The widespread deployment of Automated Driving Systems (ADS) presents a fundamental challenge for insurance ratemaking: how to accurately price liability given limited historical data, constantly evolving operational design domains (ODDs), and non-stationary risk profiles across different software releases. This research introduces a hierarchical Bayesian credibility framework designed to tackle these issues. The framework pools data from various sources, including different cities, software versions, and geographical territories, by employing a learned ODD-similarity kernel. This kernel helps to identify and leverage similarities between different operational contexts, effectively nesting the traditional Buhlmann-Straub method as a special case. The framework was tested using 648 verified Waymo crashes from the NHTSA database, matched against 116 million miles driven across four U.S. metropolitan areas. Results indicate that city-aggregate credibility weights are moderate, partial pooling significantly outperforms no pooling, and the learned kernel demonstrates a detectable advantage, particularly as the number of deployed cities increases.

Why it matters

For insurance professionals, actuaries, and autonomous vehicle developers, this research provides a crucial methodology for more accurately assessing and pricing the liability risks associated with autonomous vehicles.
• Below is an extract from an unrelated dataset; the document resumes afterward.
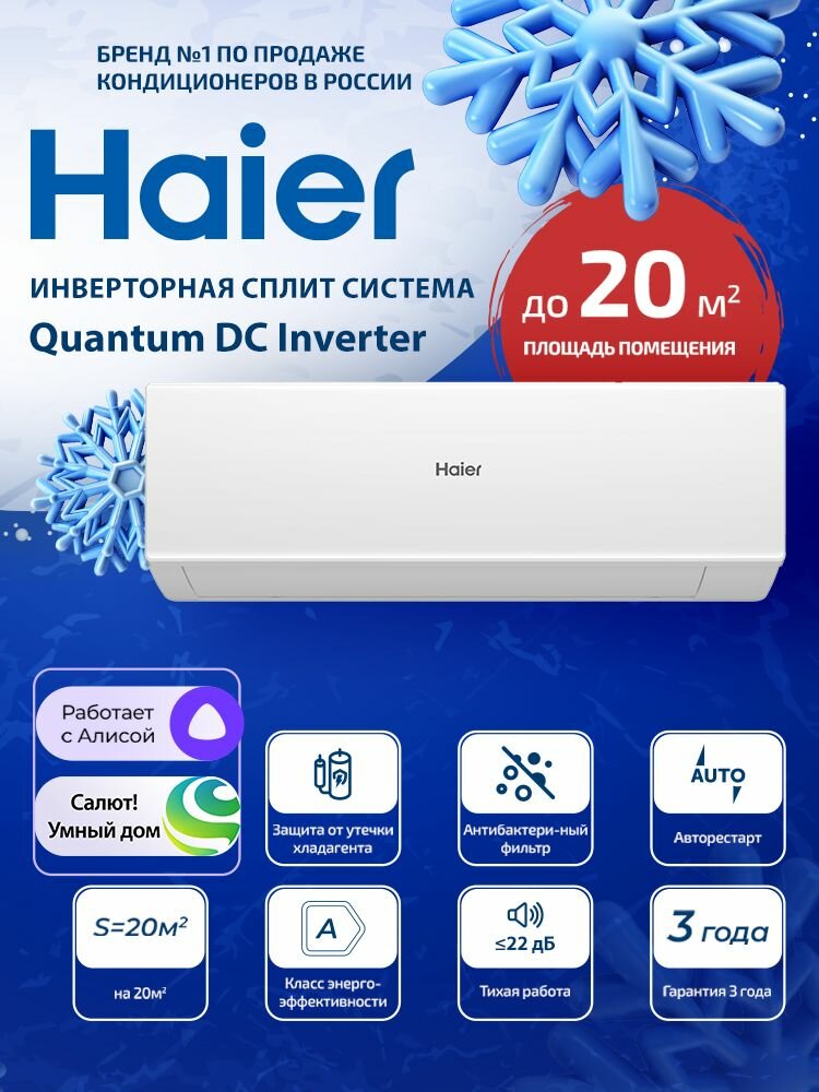 10 цен на Новая инверторная сплит-система Haier QUANTUM Inverter AS20HQJ1HRA-W/1U20HQJ1FRA, для помещений 20 кв. м.

It offers a robust way to handle data scarcity and the dynamic nature of AV technology, which is essential for the sustainable growth of the autonomous vehicle industry.

How to implement this in your domain

  1. 1Adopt the proposed hierarchical Bayesian framework for actuarial modeling of autonomous vehicle insurance products.
  2. 2Develop ODD-similarity kernels to better categorize and pool risk data from diverse autonomous vehicle deployments.
  3. 3Collaborate with AV manufacturers to access and integrate detailed operational data for more precise risk assessment.
  4. 4Adjust insurance pricing strategies to account for the non-stationary risk profiles of evolving AV software and ODDs.

Who benefits

InsuranceAutomotiveAutonomous VehiclesRisk ManagementLegal

Key takeaways

  • A new Bayesian framework prices AV liability despite sparse data and ODD shifts.
  • It pools data across cities and software versions using an ODD-similarity kernel.
  • Partial pooling significantly outperforms traditional methods in risk assessment.
  • The framework is crucial for accurate ratemaking in the evolving AV industry.

Original post by Doyeon Jang

"arXiv:2606.17451v1 Announce Type: new Abstract: Automated Driving System deployments create a foundational ratemaking challenge: sparse experience, shifting operational design domains, and non-stationary risk across software releases. We propose a hierarchical Bayesian credibilit…"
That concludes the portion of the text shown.